Which brings us back to Belmont. The overwrought echo chamber that is the professional bracketology circuit has used this same logic to make the Bears a favorite upset pick. Some of the talk is justified—Belmont’s sharpshooting is a classic Cinderella trait—but the piling on has become excessive (check out Casual Hoya for an exhaustive rundown of the media’s Belmont picks). If the Bears can knock down their threes on Friday and keep the game at the same pace that allowed them to score the fourth-most points in the country, I have no doubt they can beat the Hoyas. What I doubt, however, is that it will be easy for Belmont to execute that game plan.

Georgetown is a flawed team. The pundits don’t have that wrong. The Hoyas turn the ball over, Hollis Thompson and Jason Clark disappear at inopportune times, and they can’t hit their free throws. These aren’t always problems, but inconsistency has been at the root of most of Georgetown’s losses this season. However, these are far from the only qualities that define Georgetown. The Hoyas have been one of the best defensive teams in the country, and despite a blip against Marquette or an impressive performance by Cincinnati’s Yancy Gates, they still are. In one aspect, they are the best defense in college basketball—Georgetown has the nation’s best three-point field goal defense, allowing opponents to shoot just 27 percent from beyond the arc.

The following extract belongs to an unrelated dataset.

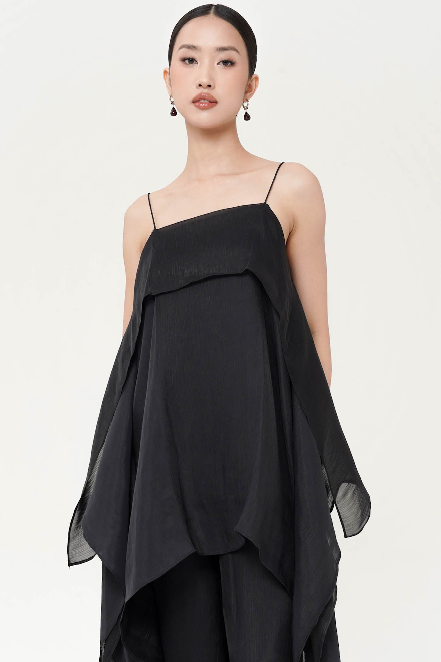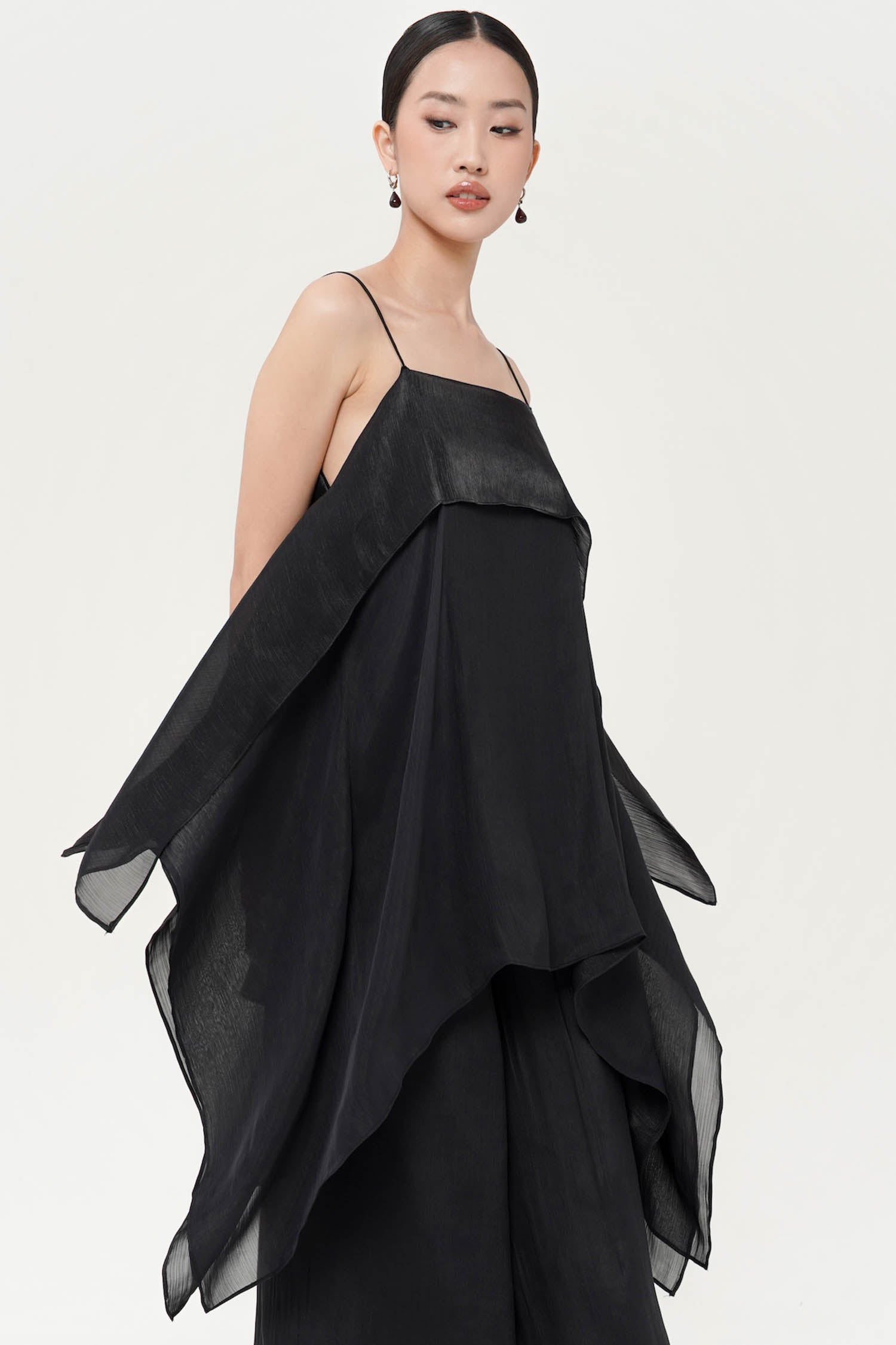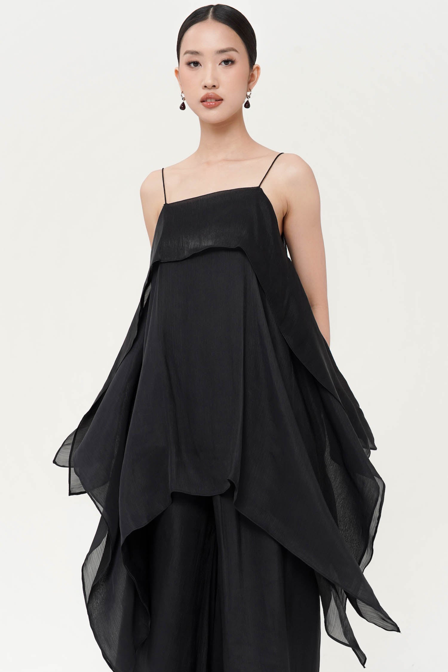 The Estella Handkerchief Top is a fluid statement of modern elegance, crafted from silk shimmer polyester that captures the light with effortless grace. Its flowing handkerchief hem and draped silhouette create a sense of movement, while the delicate spaghetti straps balance the design with a touch of refined minimalism. Ethereal yet contemporary, this piece embodies versatility—equally striking when paired with tailored trousers for a polished ensemble or layered over wide-leg pants for a more relaxed sophistication. Available in timeless Black and romantic Pink, the Estella Handkerchief Top is an elevated essential for those who favor understated glamour.
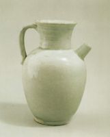 高頸,喇叭口,口沿外侈,卵形眉腹,餅狀底,肩部前置管狀短流,后置雙圓條鋬手,與口沿相聯(lián)系,造型典雅、簡潔。器體內(nèi)外滿施白釉,底部露胎,釉色勻潤,白中閃青,胎骨細(xì)膩堅(jiān)致,為河北邢窯晚唐時期的優(yōu)質(zhì)產(chǎn)品。

Conveniently, Belmont likes to shoot the three. They’ve been pretty good at it too, hitting 37.8 percent from long-range. Of course, that’s mostly come against the weak competition of the Atlantic Sun conference, not the lengthy Georgetown defense. In fact, against Duke and Memphis, the only two major-level talents the Bears faced, they could only manage about 31 percent from downtown.

If there’s anything Georgetown fans have learned over the past few years, it’s that bracket prognosticating is a fool’s errand. You can look at the numbers, you can look at which team is hot or has more experience, but neither statistics nor heuristics can answer the question of who is going to win this Friday, let alone who’s going to be cutting the nets down in three weeks. It’s frustrating to us as spectators, because we’ve spent five months watching games and still can’t answer that simple question.

After Ohio and VCU, I’m well aware that Belmont could win. They could, but they shouldn’t, because Georgetown is very good at stopping teams from doing the things Belmont is good at. It’s not as reassuring as predicting a win, but at least I can take solace in that.